DATA SEGMENT:
☆ ☆ ☆ ☆
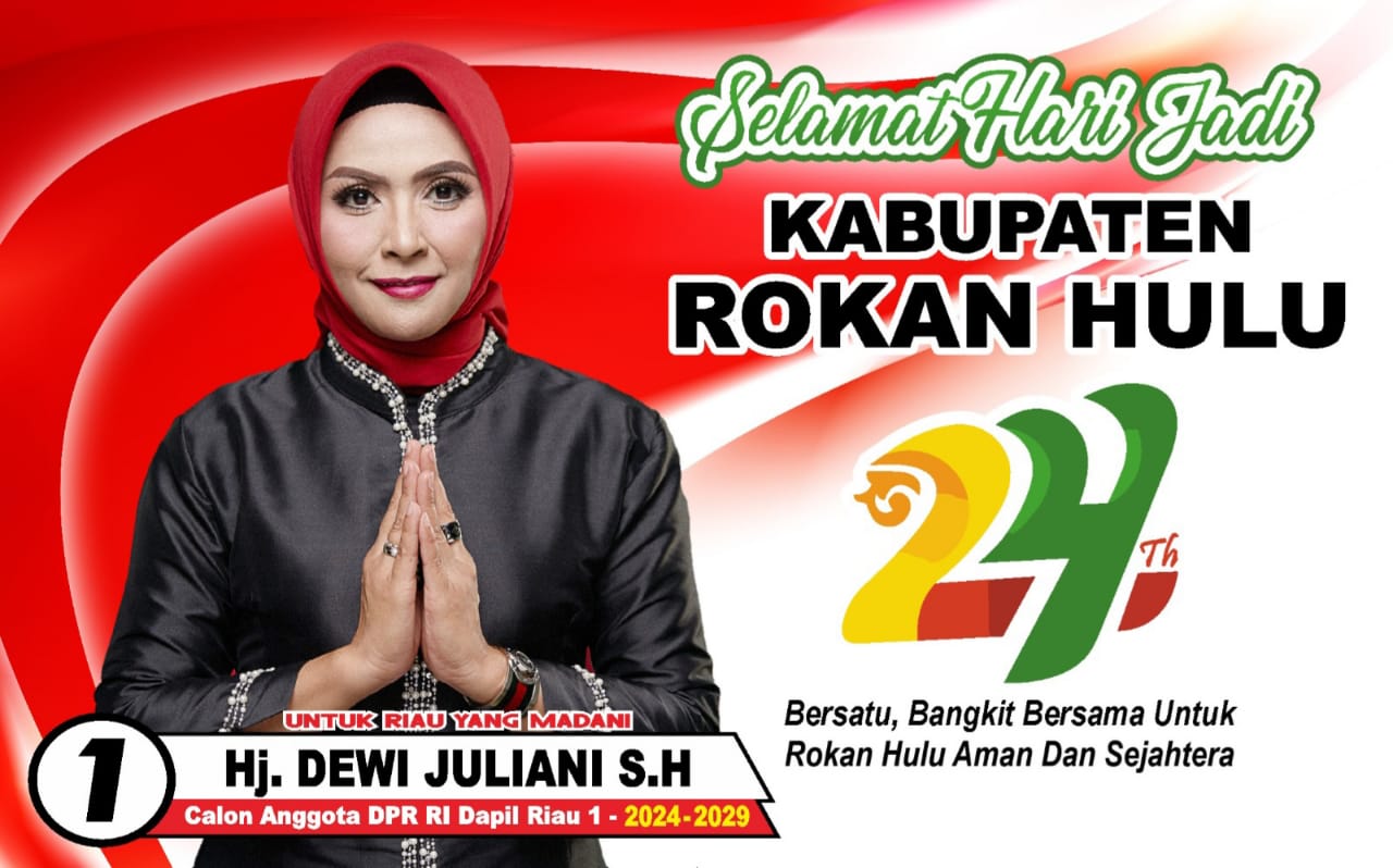 Pekanbaru (sekilas riau) — Ketua Gerakan Nelayan dan Tani Indonesia (GNTI) wilayah Provinsi Riau, Hj Dewi Juliani SH turut memberikan ucapan Selamat HUT Kabupaten Rokan Hulu yang ke-24.
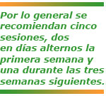 La Dra. Rey será quien determine en qué número, orden y frecuencia deben llevarse a cabo las sesiones precisas.Por lo general se recomiendan cinco sesiones, dos en días alternos la primera semana y una durante las tres semanas siguientes.
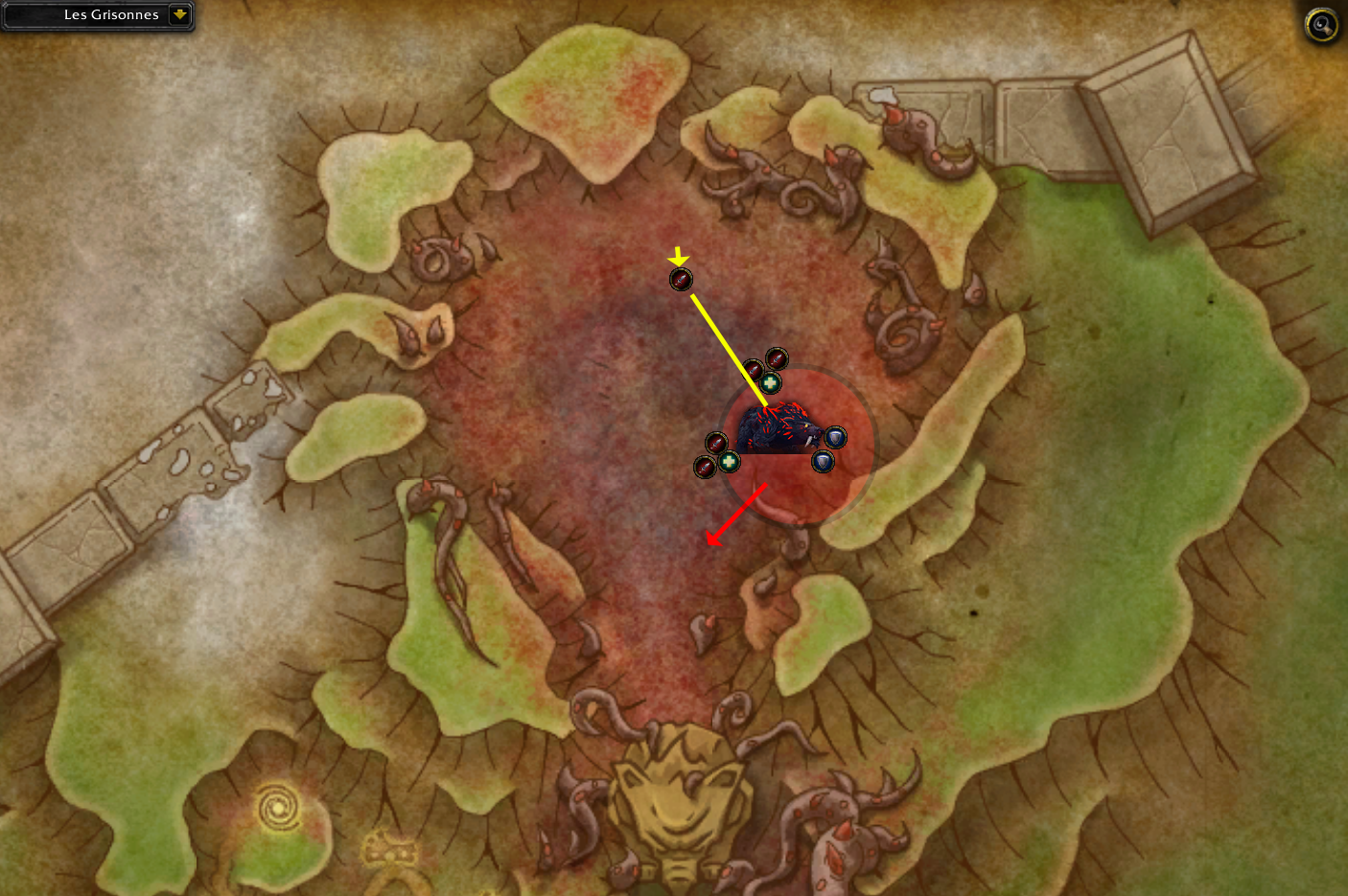 Cacophonie du Cauchemar en héroïque. - Flèche jaune : Gestion du
☆ ☆ ☆ ☆
TASK TO COMPLETE:
Skip the images and write out the rest of the listing exactly.

OUTPUT OF THE EXERCISE:
 Pekanbaru (sekilas riau) — Ketua Gerakan Nelayan dan Tani Indonesia (GNTI) wilayah Provinsi Riau, Hj Dewi Juliani SH turut memberikan ucapan Selamat HUT Kabupaten Rokan Hulu yang ke-24.
 La Dra. Rey será quien determine en qué número, orden y frecuencia deben llevarse a cabo las sesiones precisas.Por lo general se recomiendan cinco sesiones, dos en días alternos la primera semana y una durante las tres semanas siguientes.
 Cacophonie du Cauchemar en héroïque. - Flèche jaune : Gestion du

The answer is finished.